At 9:25 tonight, with two outs in the top of the eighth, Ruben Tejada on first and the Mets hanging on to a rickety-looking 5-4 lead, Jose Reyes stepped to the plate against the Indians’ Chris Perez.
Reyes slashed Perez’s first pitch to right-center on a vicious arc, past the marvelously named Shin-Soo Choo. Normally I’m inclined to say the triple is the most-exciting play in baseball, but let me amend that: A two-out triple with another burner on first is even better. Racing around the diamond separated by 100 feet or so, Tejada and Reyes looked like some insane inventor’s whirligig, or a gag from a Looney Tunes cartoon. Tejada streaked across the plate as Reyes dived into third, the ball arriving high and left for the less-marvelously named Jhonny Peralta. Safe! 6-4, Mets!
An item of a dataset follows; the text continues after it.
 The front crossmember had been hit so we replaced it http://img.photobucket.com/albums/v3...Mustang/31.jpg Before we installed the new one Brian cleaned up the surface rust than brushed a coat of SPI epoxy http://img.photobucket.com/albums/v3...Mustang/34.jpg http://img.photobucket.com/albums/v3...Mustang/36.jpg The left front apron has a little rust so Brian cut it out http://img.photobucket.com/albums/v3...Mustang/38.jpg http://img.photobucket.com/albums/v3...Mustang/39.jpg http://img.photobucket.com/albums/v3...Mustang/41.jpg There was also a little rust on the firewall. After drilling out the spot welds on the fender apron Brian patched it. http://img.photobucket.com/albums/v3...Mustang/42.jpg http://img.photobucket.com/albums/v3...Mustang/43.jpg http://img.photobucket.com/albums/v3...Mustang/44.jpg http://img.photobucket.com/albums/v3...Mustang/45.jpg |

At 9:30, leading off the bottom of the eighth, Peralta grounded Elmer Dessens’ second pitch sharply to deep short. Reyes fielded it on the backhand and fired the ball as he sat hard on the ground, with Ike Davis making a nice scoop at first. One out.
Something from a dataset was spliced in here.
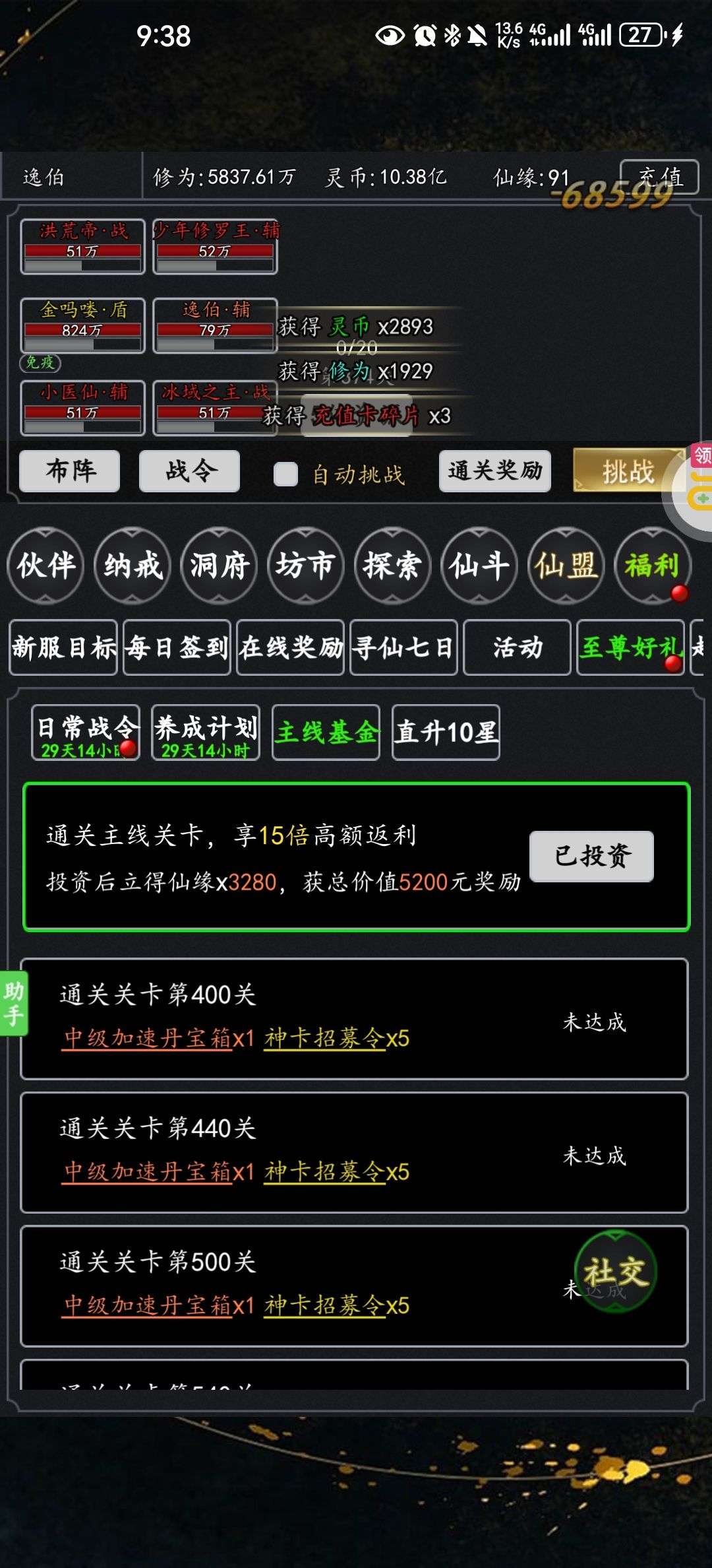 10万仙缘!47张500元充值卡!13张200元充值卡,其他充值卡也有。金色伙伴萧力,姬瑶,二郎真君,梦璇玑,星辰殿主,百草道人,火域公主,红萧力和舞蛇姬,750多天晶

At 9:31, Shelley Duncan smacked Dessens’ first pitch toward left-center. Reyes took one quick step towards third, lunged at shoulder height and snatched the ball back out of the air. Two out.
In six minutes, Reyes had driven the Indians faithful to distraction not once, not twice, but three times. He was like a kid tormenting a little brother with a ball on a string — nyaah-nyaah, Cleveland, no ya don’t. Now that the Mets have completed the sweep [1], I wouldn’t be surprised if several Indians wake up at 2:25 or 3:30 or 4:31 screaming that Reyes is the monster under the bed. His hands are clapping! His knees are churning! His smile is huge and bright and carnivorous! He is coming to get me!
Cleveland’s nightmare, our dream come true. We watched the Mets assemble in Port St. Lucie not expecting much from this season, but comforted that at least we’d have No. 7 out there wreaking havoc. Then came the astonishing news that the game’s most hyperkinetic player had been sentenced to stillness and silence, stuck with an infuriating rehab course of doing absolutely nothing. He returned to us in early April, apparently whole but just as apparently not himself: He was waving at balls out of the zone, popping up balls he’d once driven, edging tentatively away from first base, stumbling at shortstop. It was February for Jose on top of his endless layoff, while it was April for everybody else.
But gradually the rust fell away, chips and flakes shed until tonight there he was again, Jose Reyes at maximum velocity and supreme wattage. And in those six minutes, I remembered what I’d risked forgetting about him — that when Jose Reyes is playing baseball at the peak of his ability, watching him seems like more fun than any human being should be allowed to have. And if it’s that much fun watching Jose Reyes, can you imagine being Jose Reyes?